In a 6-1 ruling, the Georgia Supreme Court ruled yesterday that convenience stores may be held liable when they sell alcohol to people who are obviously intoxicated if those people then drove and injured others.
With this ruling the court reverses the decisions of a trial court and the Georgia Court of a Appeals, which had said that Georgia’s “dram shop act” only applies to restaurants and bars where alcohol is served on the premises. The new decision will likely cause convenience stores and other businesses that sell alcohol in Georgia to reevaluate their policies.
The case—Florez v. Exprezit! Stores 98-Georgia—arose from a collision in which twenty-four-year old Billy Joe Grundell purchased a twelve pack of beer at an Exprezit! store and later crashed head-on into a van, killing six people and injuring others. Grundell’s blood alcohol was twice the legal limit at the time of the crash.
The surviving passengers brought a lawsuit against the convenience store under Georgia’s “dram shop act,” which creates liability for businesses that sell alcohol to adults who are obviously drunk, knowing that he or she will soon drive a vehicle. At trial, the judge granted summary judgment to Exprezit!, ruling that the statute did not apply to convenience stores. The Georgia Court of Appeals affirmed, reasoning that that extending liability to convenience stores, where it is less likely that employees will realize how intoxicated a person is, when or where he or she plans to drink the alcohol, or whether he or she will soon be driving. In such a situation, the Court of Appeals believed that jurors would be asked to “speculate” about things they cannot know, creating an “impracticable result.”

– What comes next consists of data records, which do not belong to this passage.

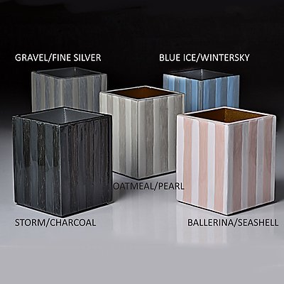 Mike and Ally Havana collection bath accessories feature a hand applied striped tone on tone design that will fit into a variety of decors.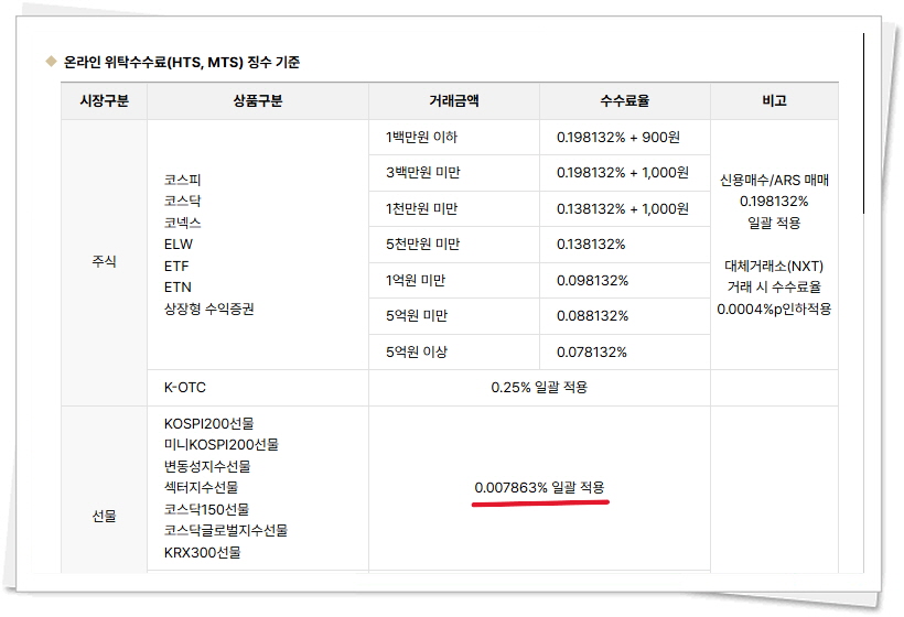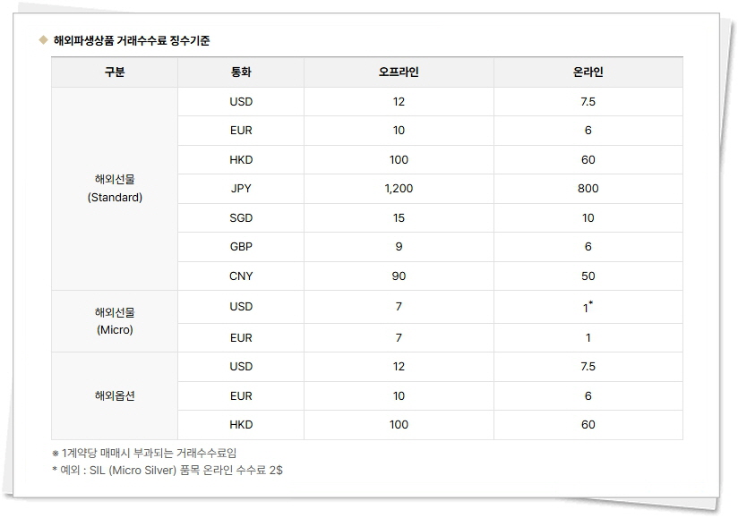 메리츠증권 해외선물 수수료 입니다.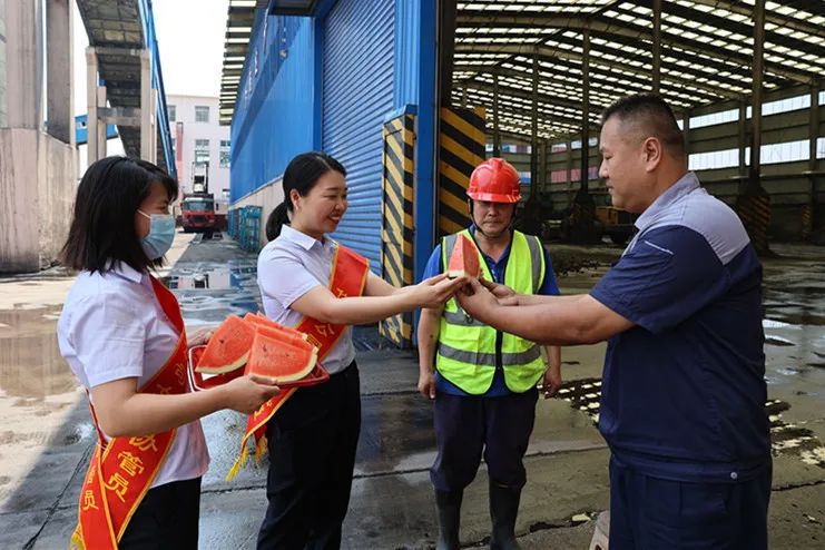 她们还深入洗煤厂、维修车间、充填工区等地面班组岗点,为坚守岗位的职工送去西瓜、矿泉水、茉莉花茶、毛巾等,将夏日清凉送到职工心坎上。职工们纷纷表示,大热天,吃块西瓜,瞬间感觉凉爽多了,擦擦汗,加油干!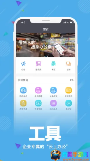 零售办公平台为传统零售提供全渠道服务能力,由创纪云科技研发。作为商户工作平台,提供通用及定制服务,涵盖办公工具、营销工具、门店管理、日常作业四部分。办公工具含考勤、公告等;营销工具包括会员招募等;门店管理有巡店、报表等;日常作业含拣货、送货等。其优势众多,能发布动态通知,接收员工报表,自动汇总营销数据,在线编辑公告,随时掌握门店信息,查看员工考勤,减少人力物力,提高管理水平,让商户更好触达用户,提升购物体验。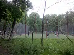 Aproape de ieșirea de pe strada Primăverii se află un teren de fotbal cu nocturnă.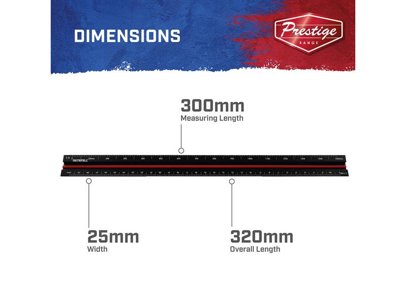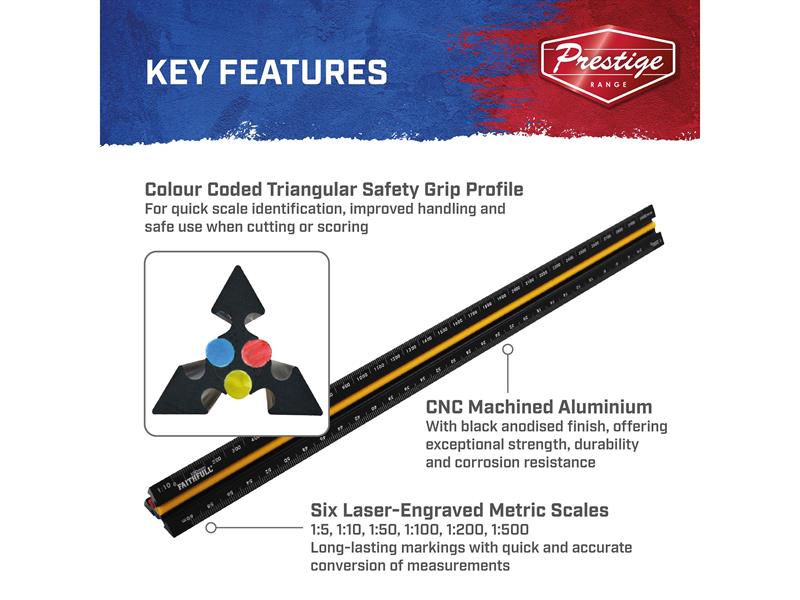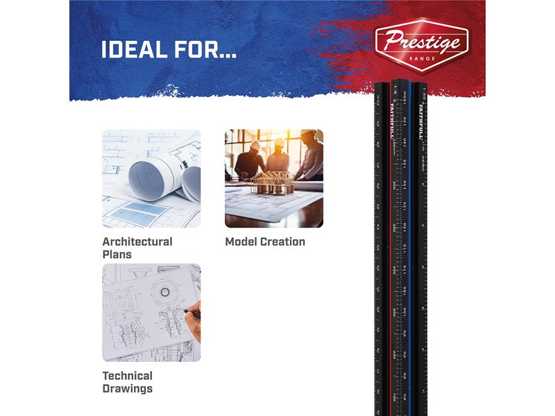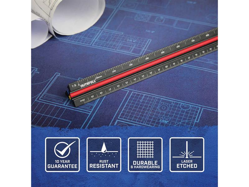 The Faithfull Prestige Tri-Scale Engineer and Architect Rules are commonly used to convert ratios with scales when making precision drawings. This model features 6 scales that can be easily recognised thanks to the colour coded inserts. The unique triangular profile keeps fingers away from knife blades when used for cutting or scoring card etc.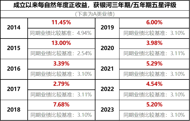 数据来源:iFind&基金定期报告。评级及排名来源:银河证券,净值计算截止日期2024/3/1,评价时间2024/3/1,A类近3年排名13/394,近5年排名9/203,C类近3年排名7/64,近5年排名5/37;A/C类均为三年期、五年期五星评级,A类分类为:债券基金-纯债债券型基金-定开纯债债券型基金(A类),C类分类为:债券基金-纯债债券型基金-定开纯债债券型基金(非A类)。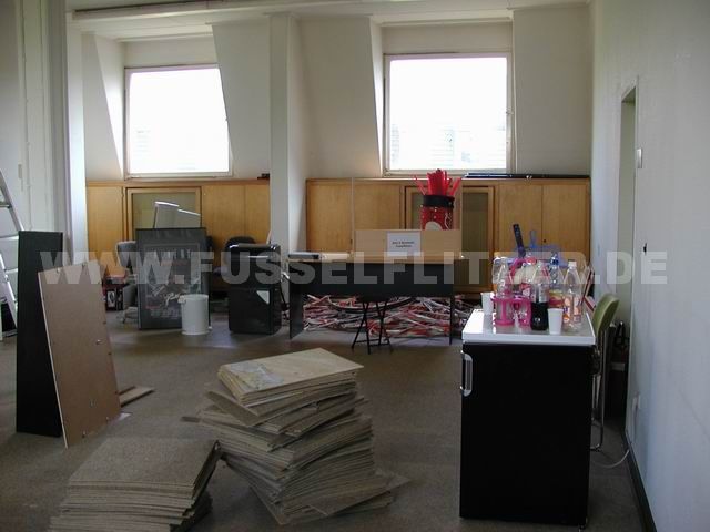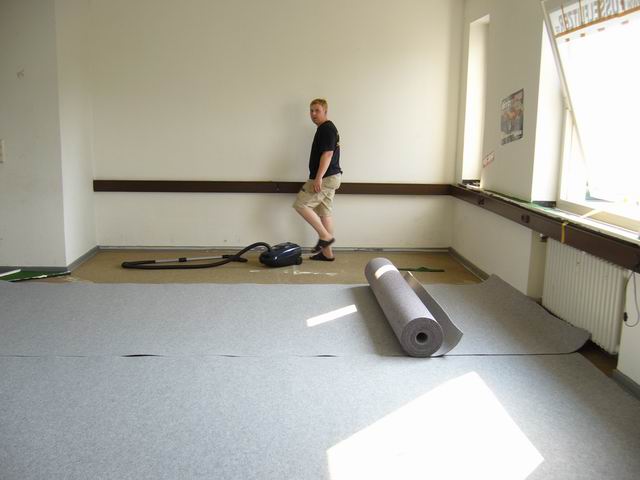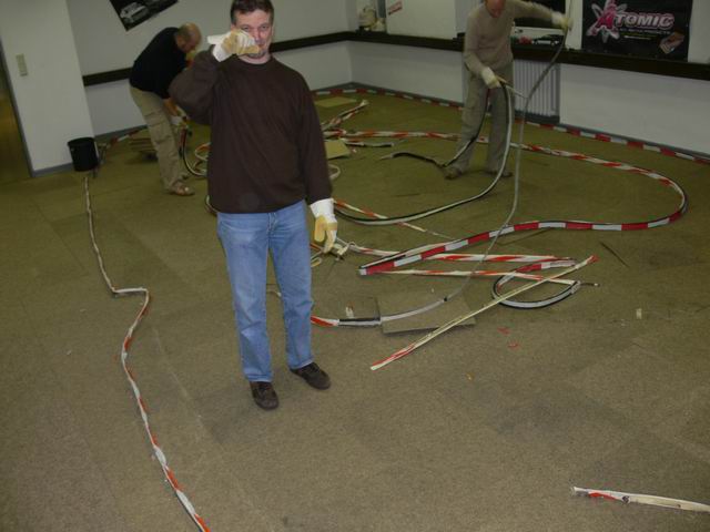 10.06.2008 | Als der alte Teppich raus war, der Untergrund frei von Teppichresten und sauber, könnten wir den neuen Rennbelag in aller Ruhe verlegen. |

The Georgia Supreme Court rejected this view, stating that convenience stores often do “have an opportunity to observe how the customer arrived and, conversely, the manner in which he will depart. The fact that a convenience store employee has less of an opportunity to determine how intoxicated a person is than in a bar or restaurant does not mean that it cannot be held liable for the results of the alcohol sale. Rather, the opportunity to judge will simply be a fact to be determined at trial. If the store knew or should have known the customer was intoxicated and would soon drive, it can be held liable if it sells him or her alcohol and that alcohol causes harm to others.
The case against Exprezit! will now be sent back to trial where these facts will be determined, or the parties will reach a settlement agreement.
Attorney Page Pate was interviewed about this decision by WABE FM 90.1, Atlanta’s public radio station.